▸ **TASK DIRECTIONS**
In the reply, give back exactly the lines from the one with "Kick up your" through the last line of the records, without pictures.

=== Section Start ===

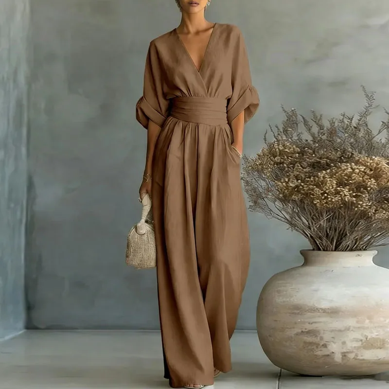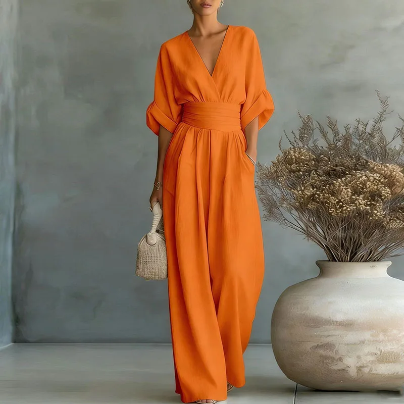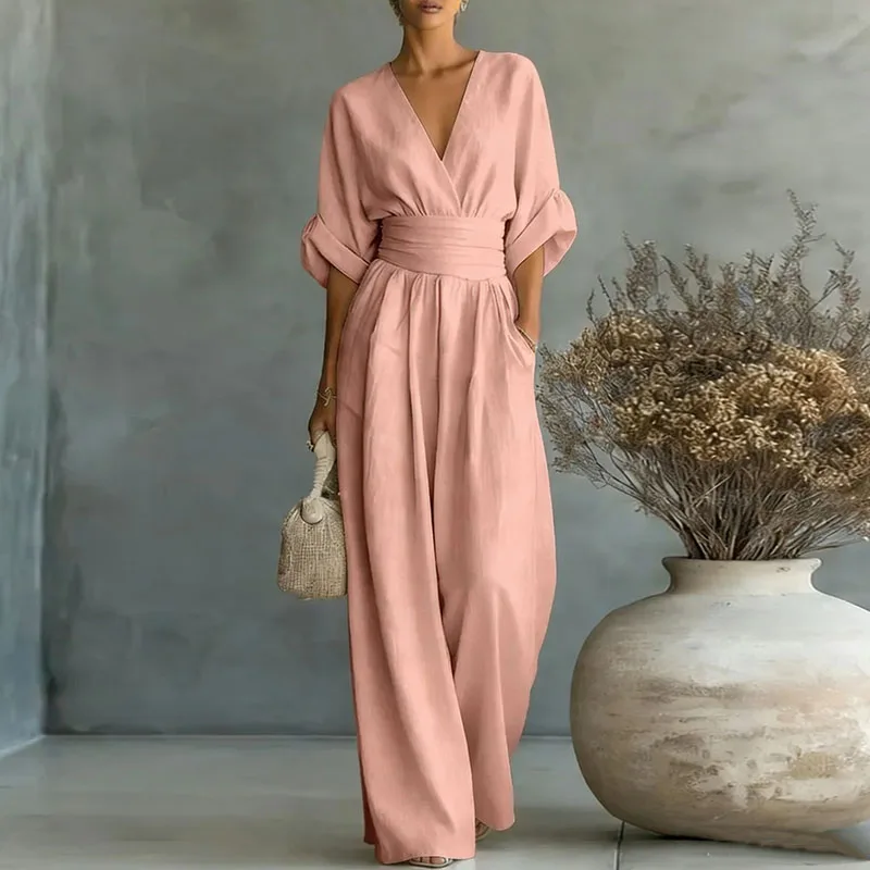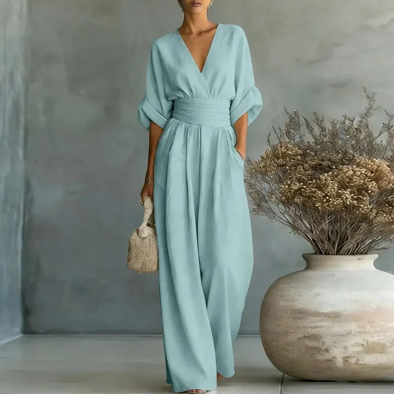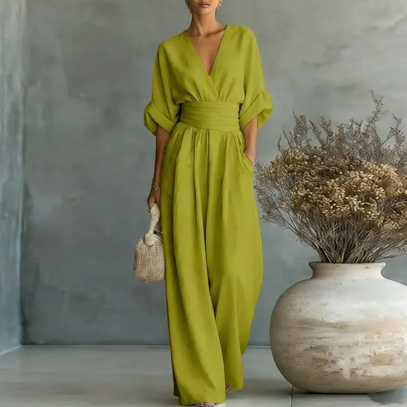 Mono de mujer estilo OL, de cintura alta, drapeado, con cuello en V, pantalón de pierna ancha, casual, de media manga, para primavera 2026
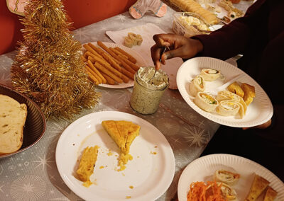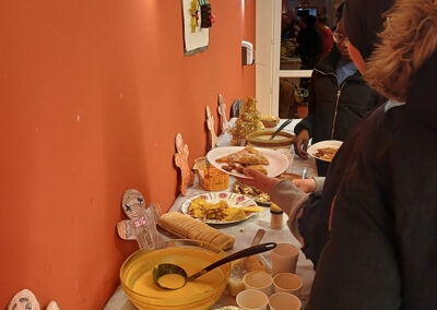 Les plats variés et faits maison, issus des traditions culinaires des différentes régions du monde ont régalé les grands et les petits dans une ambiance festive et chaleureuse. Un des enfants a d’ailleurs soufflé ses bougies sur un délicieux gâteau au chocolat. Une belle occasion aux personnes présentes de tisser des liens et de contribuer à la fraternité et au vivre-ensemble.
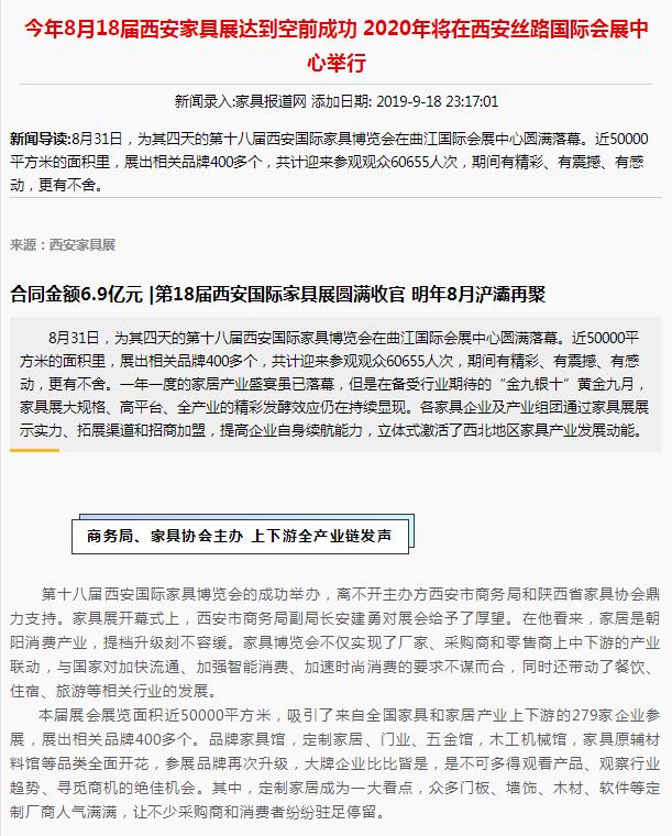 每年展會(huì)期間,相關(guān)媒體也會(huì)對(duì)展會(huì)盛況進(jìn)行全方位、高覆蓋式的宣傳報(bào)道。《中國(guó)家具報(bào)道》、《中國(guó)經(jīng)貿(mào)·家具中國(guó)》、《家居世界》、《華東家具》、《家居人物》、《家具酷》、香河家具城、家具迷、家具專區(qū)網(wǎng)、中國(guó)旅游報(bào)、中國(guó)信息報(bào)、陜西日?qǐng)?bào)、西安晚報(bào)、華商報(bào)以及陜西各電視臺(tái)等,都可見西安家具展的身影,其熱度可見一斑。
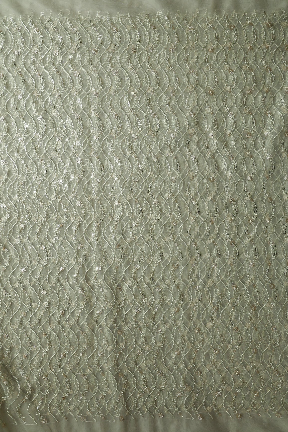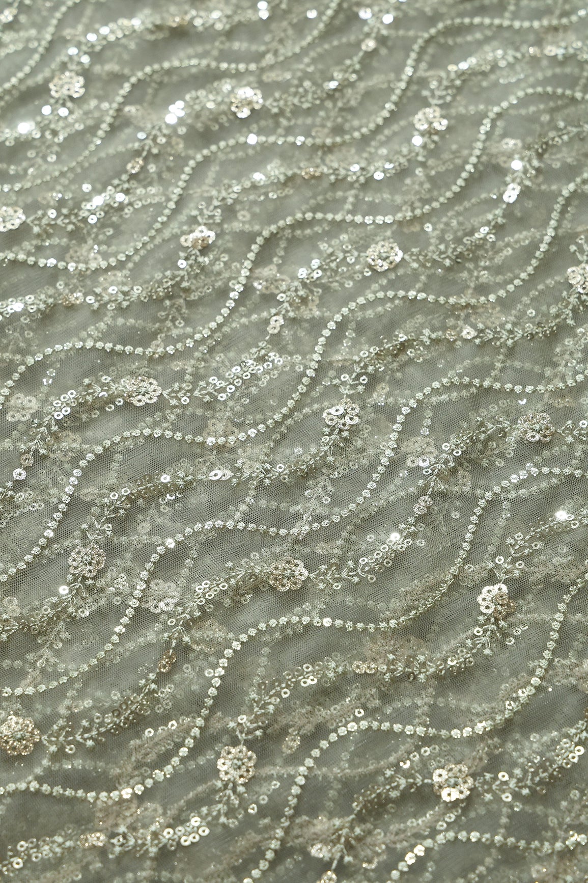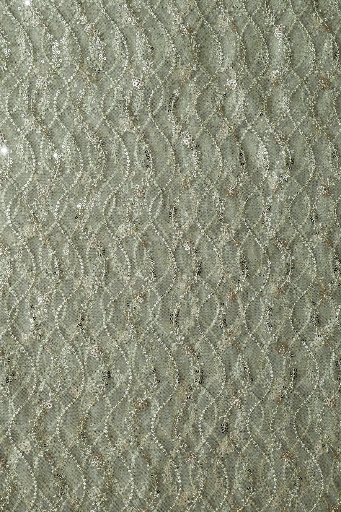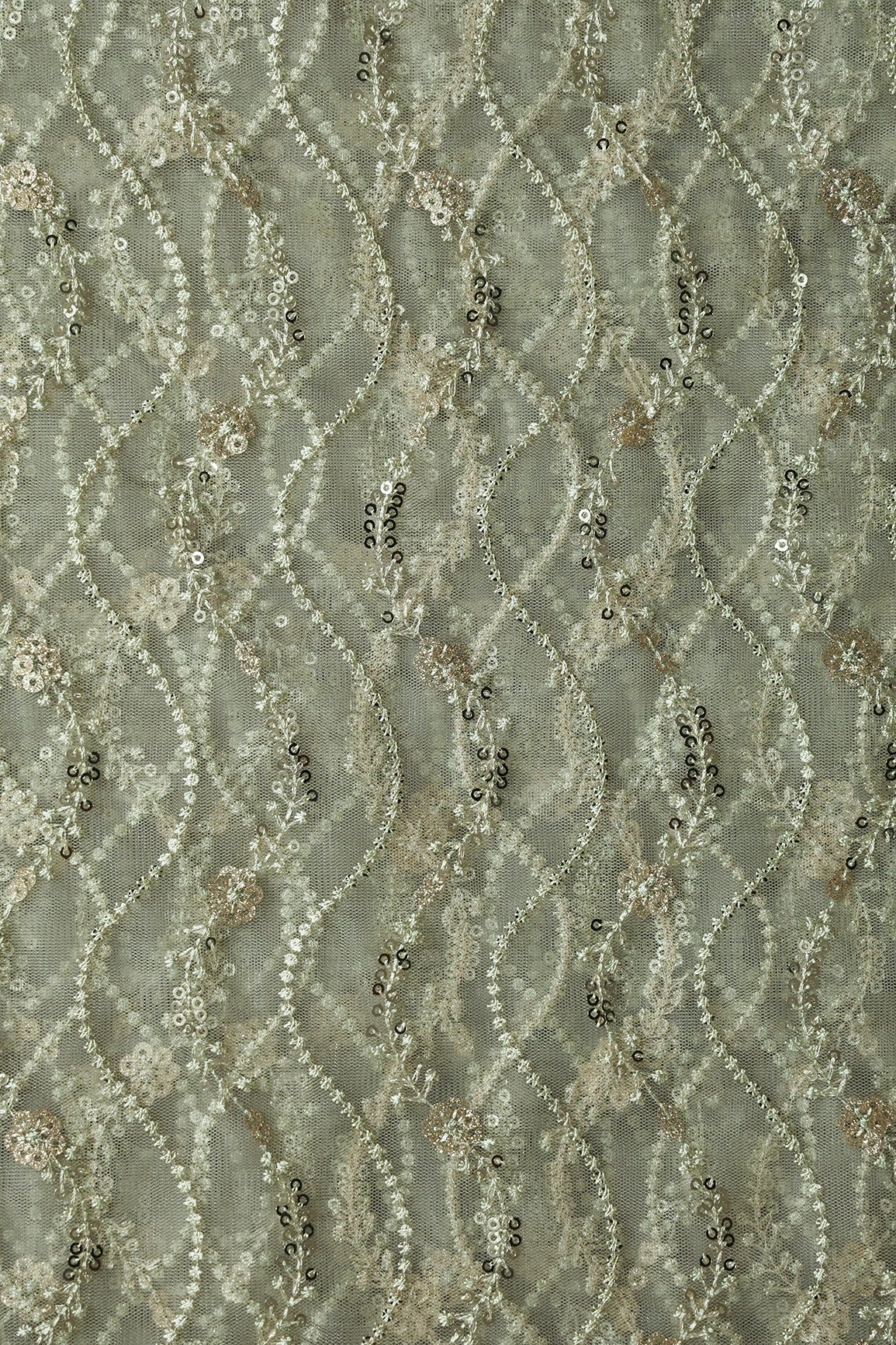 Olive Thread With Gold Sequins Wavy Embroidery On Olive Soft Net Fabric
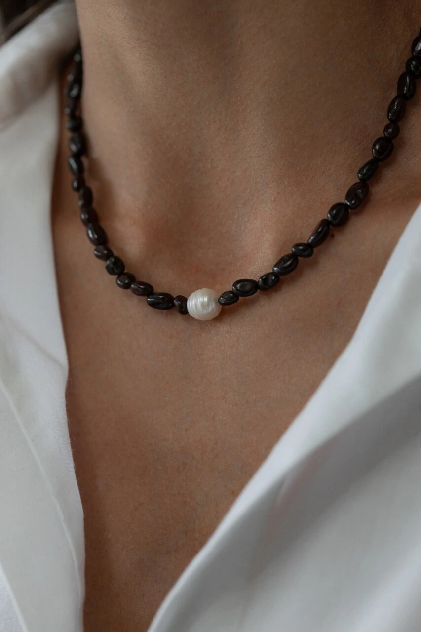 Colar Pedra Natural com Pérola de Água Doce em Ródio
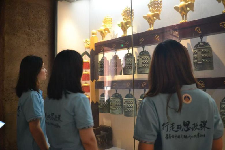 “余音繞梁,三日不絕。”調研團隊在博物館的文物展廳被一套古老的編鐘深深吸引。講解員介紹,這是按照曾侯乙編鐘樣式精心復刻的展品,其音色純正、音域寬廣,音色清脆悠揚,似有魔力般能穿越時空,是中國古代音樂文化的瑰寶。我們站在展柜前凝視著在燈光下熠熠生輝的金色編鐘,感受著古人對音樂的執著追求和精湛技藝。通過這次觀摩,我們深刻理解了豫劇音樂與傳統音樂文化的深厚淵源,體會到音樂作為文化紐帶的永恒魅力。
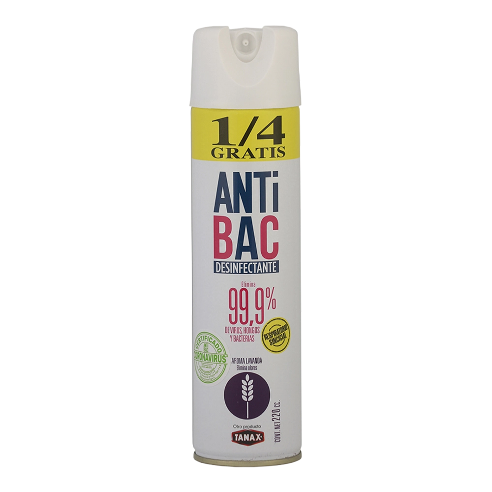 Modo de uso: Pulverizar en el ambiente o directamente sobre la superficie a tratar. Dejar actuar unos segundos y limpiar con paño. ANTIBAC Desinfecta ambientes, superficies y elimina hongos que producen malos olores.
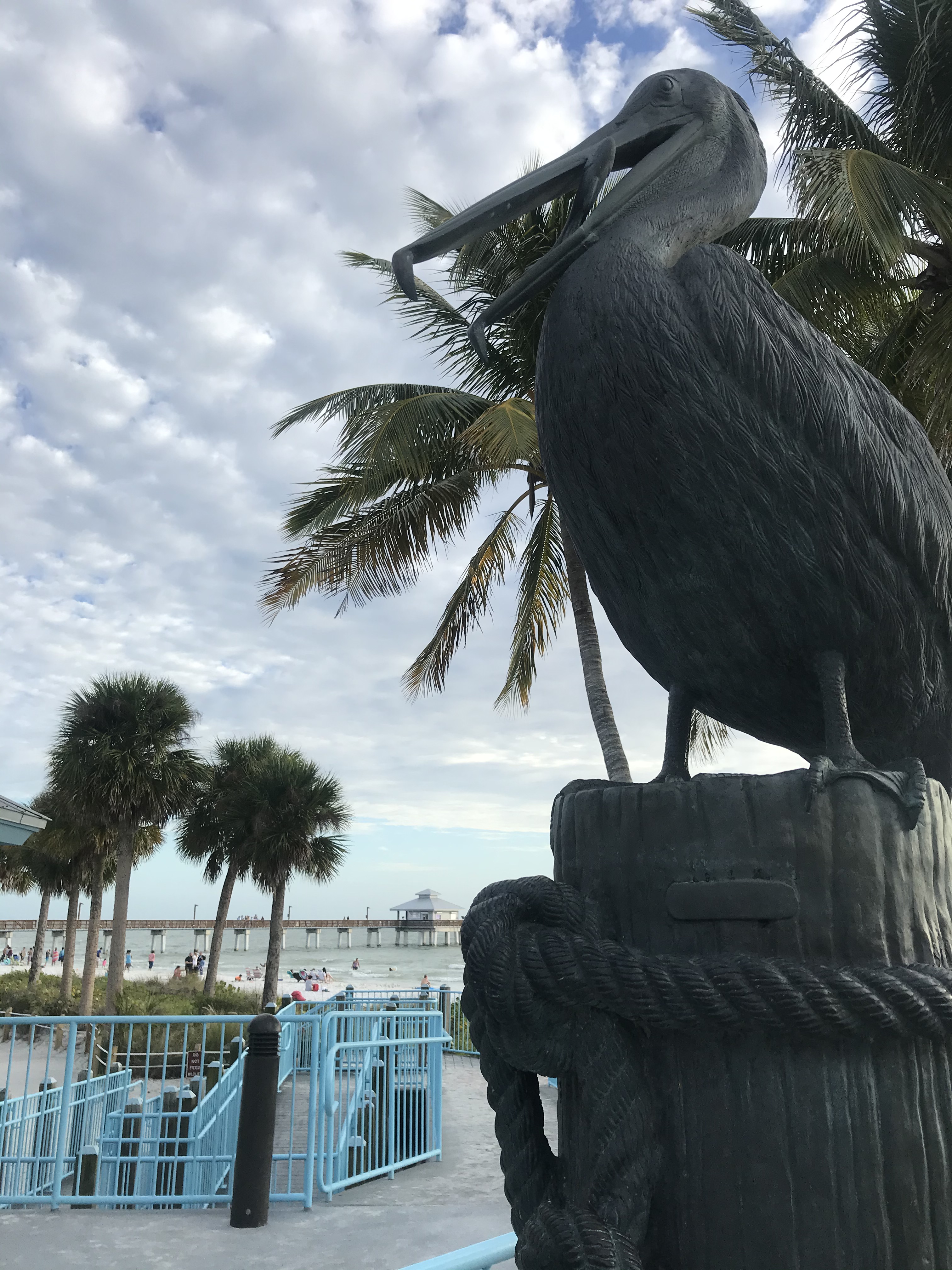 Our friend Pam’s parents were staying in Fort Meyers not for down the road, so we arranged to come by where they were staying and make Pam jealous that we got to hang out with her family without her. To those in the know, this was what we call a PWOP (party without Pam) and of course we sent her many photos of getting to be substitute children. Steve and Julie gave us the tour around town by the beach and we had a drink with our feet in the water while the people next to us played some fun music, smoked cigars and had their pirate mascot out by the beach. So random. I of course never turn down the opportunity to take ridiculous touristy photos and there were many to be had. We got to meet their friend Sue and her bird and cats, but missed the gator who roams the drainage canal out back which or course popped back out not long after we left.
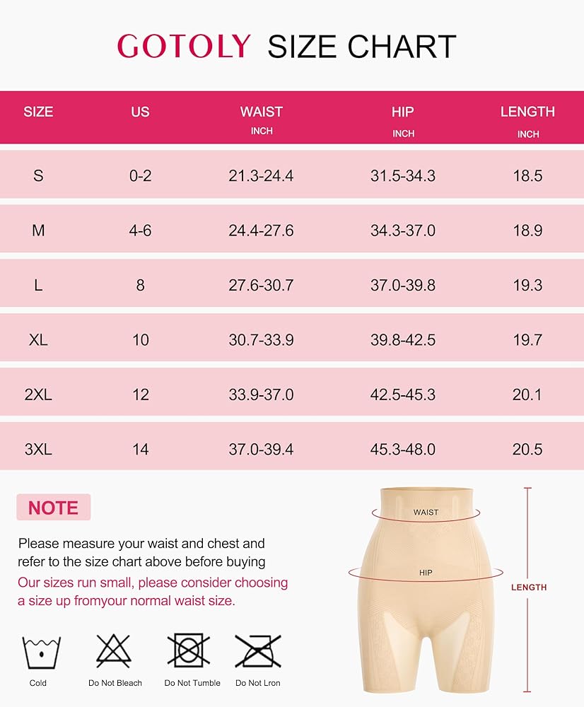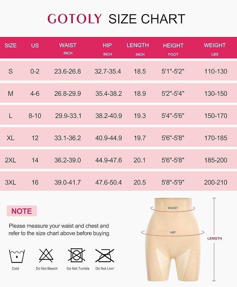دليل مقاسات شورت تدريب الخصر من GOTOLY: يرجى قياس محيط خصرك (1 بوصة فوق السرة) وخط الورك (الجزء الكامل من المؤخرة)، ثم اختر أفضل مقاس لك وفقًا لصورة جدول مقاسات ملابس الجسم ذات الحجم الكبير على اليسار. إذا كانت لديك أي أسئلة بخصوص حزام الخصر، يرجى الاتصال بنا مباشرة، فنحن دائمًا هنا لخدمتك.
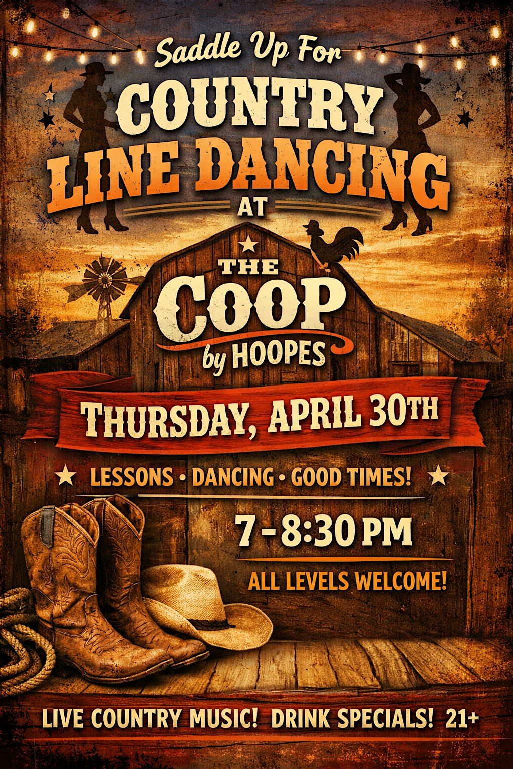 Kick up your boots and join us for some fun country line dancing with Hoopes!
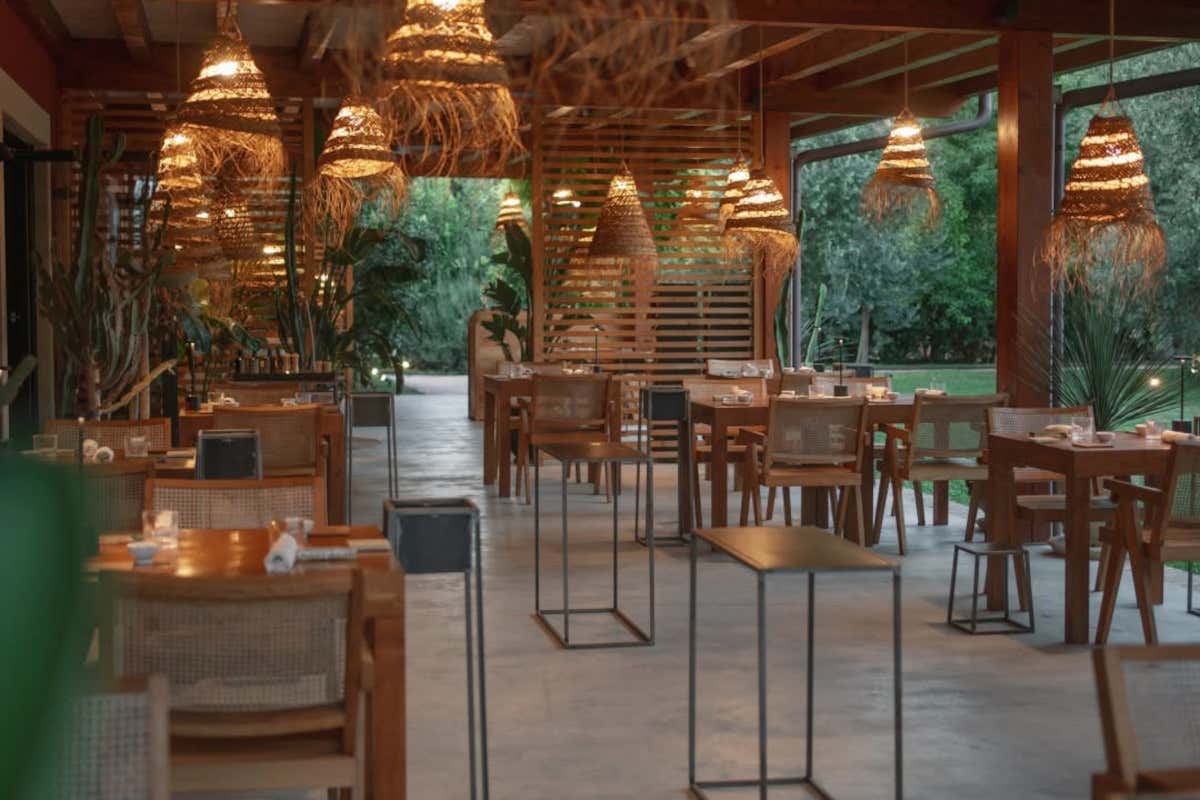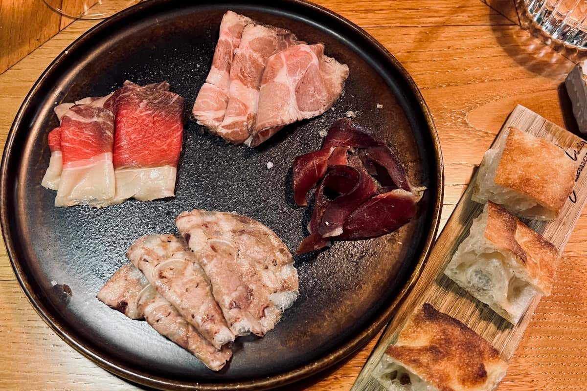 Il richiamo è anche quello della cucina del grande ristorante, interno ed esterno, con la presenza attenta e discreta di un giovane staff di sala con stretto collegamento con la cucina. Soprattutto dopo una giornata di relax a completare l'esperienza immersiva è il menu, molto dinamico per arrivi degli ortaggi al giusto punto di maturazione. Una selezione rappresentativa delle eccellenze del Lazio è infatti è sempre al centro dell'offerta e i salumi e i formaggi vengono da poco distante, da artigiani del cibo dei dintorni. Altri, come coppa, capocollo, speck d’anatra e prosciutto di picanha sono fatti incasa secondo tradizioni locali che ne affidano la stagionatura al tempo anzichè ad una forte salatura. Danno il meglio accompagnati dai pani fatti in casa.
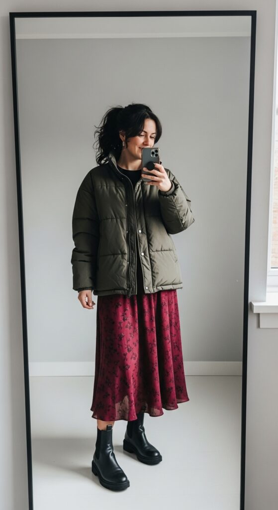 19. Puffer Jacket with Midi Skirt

=== Section End ===

▸ **REPLY TO THE TASK**
 Kick up your boots and join us for some fun country line dancing with Hoopes!
 Il richiamo è anche quello della cucina del grande ristorante, interno ed esterno, con la presenza attenta e discreta di un giovane staff di sala con stretto collegamento con la cucina. Soprattutto dopo una giornata di relax a completare l'esperienza immersiva è il menu, molto dinamico per arrivi degli ortaggi al giusto punto di maturazione. Una selezione rappresentativa delle eccellenze del Lazio è infatti è sempre al centro dell'offerta e i salumi e i formaggi vengono da poco distante, da artigiani del cibo dei dintorni. Altri, come coppa, capocollo, speck d’anatra e prosciutto di picanha sono fatti incasa secondo tradizioni locali che ne affidano la stagionatura al tempo anzichè ad una forte salatura. Danno il meglio accompagnati dai pani fatti in casa.
 19. Puffer Jacket with Midi Skirt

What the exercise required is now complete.